A real advance in AI application to service lifecycle management would have to come, IMHO, from a combination of two factors.  First, we’d need to be able to substitute massive analytics for the subject matter expert.  Collecting data from the history of a given network, or in fact from all networks, might allow us to create the inputs about correct and incorrect operation, and the impacts of various restorative steps, that a knowledge engineer would need.  Second, we need an on-ramp to this more AI-centric state that’s not overly threatening.

What would be useful and incremental, perhaps, is what could be called the “Oh ****” state and an event of the same name.  The reception of the so-named event in any operating state causes a transition to the you-know-what state, where a process set designed to bring order out of presumptive chaos is launched.  That implies a designed-in capability of restoring the state of everything, perhaps by some form of by-domain redeployment.

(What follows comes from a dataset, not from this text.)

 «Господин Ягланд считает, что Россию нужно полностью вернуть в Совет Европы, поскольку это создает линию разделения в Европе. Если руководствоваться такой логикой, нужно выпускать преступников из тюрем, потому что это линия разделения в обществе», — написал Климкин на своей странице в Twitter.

There is an AI opportunity here, because it would be difficult for human operators to catalog the states of chaotic network infrastructure.  Analytics and AI principles could be used to match behavior patterns observed in the past with the way the situation developed and how it progressed.  This could then be used to decide what action to take.  In effect, AI becomes a backstop for policies, where policies simply haven’t, or can’t, be developed.

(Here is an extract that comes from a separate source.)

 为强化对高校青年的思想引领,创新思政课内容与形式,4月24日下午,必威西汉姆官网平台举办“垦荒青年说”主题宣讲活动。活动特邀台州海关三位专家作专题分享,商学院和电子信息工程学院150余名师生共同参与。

From there, of course, you could expand the scope.  Over time, NOC personnel and operations executives might become more comfortable with the idea of having their own rules of network state and lifecycle management supplanted by machine decisions.  If the automated processes can prove themselves where humans can’t go, it’s much easier to commission them to perform routine tasks.  People, having experience with AI operating where policies can’t easily be formulated, will eventually allow AI to formulate policies in an ever-broader way.

This isn’t going to be an overnight process, though.  AI still has to work from some base of knowledge, and just gathering data isn’t going to deliver everything it needs.  Even a long historical data timeline isn’t the full answer; networks rarely operate with unchanged infrastructure for even a year.  We’ll need to examine the question of how to gather and analyze information on network conditions to get the most of AI, and we’ll probably need humans to set policies for a long time to come.